By exploring these financing options and carefully considering the factors involved, you can find a way to manage the cost of your retainers and ensure a healthy, beautiful smile for years to come.

Conclusion: Keeping Your Smile in Place with Retainers

Retainers are an essential part of orthodontic treatment after wearing braces. They help prevent your teeth from shifting back to their old positions and ensure your beautiful, straight smile lasts a lifetime. Now that you’ve learned about the different retainer types ( Hawley retainers, bonded/fixed retainers), along with the factors affecting retainer cost (material, complexity, location), you can make informed decisions.

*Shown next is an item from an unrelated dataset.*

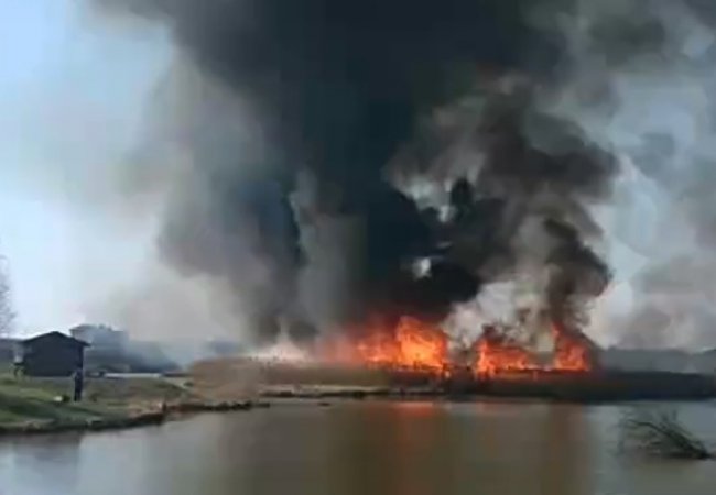 На відео, яке 10 квітня опублікували в Facebook, зафіксовано сильний вогонь, який охопив суху рослинність посеред водойми.
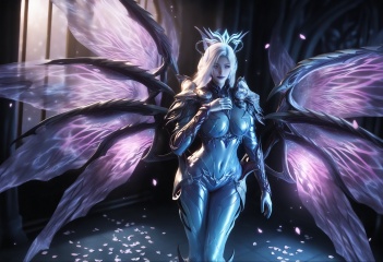 masterpiece,best quality,amazing quality,very aesthetic,high resolution,ultra-detailed,absurdres,scenery,photorealistic,(looking at viewer:1.1),(Dark room:1.3),(moody lighting:1.1),peach blossom,falling petals,(large breasts:1.2),nancheng,1girl,solo,white hair,armor,wings,purple lips,long hair,blue eyes,purple eyes,bodysuit,closed mouth,shoulder armor,makeup,glowing,halo,blue skin,colored skin,high heels BREAK photorealistic details,<lora:QQSillnanchengV1:0.8>,

Remember, dental insurance may cover some of the retainer cost, but it varies depending on your plan. Check with your insurance company to understand your specific coverage.

Final Thoughts: A Smile Worth the Investment

While retainer costs may seem like an additional expense after braces, they are a small investment compared to the long-term benefits of a healthy, confident smile. By following proper wear your retainer instructions, practicing good care for your retainer habits, and consulting your orthodontist for any questions or concerns, you can ensure your retainers effectively keep your teeth in place for years to come.

If you have any concerns about forgetting to wear your retainer or experience any damage like a scratch or crack, talk to your orthodontist right away. They can advise you on the best course of action, whether it’s adjusting your wearing schedule, obtaining a replacement retainer, or discussing alternative retainer options.

Remember, fixed retainers are designed to help you maintain your new smile for a lifetime. By taking good care of them and following your orthodontist’s instructions, you can enjoy the lasting benefits of straight teeth and a healthy bite.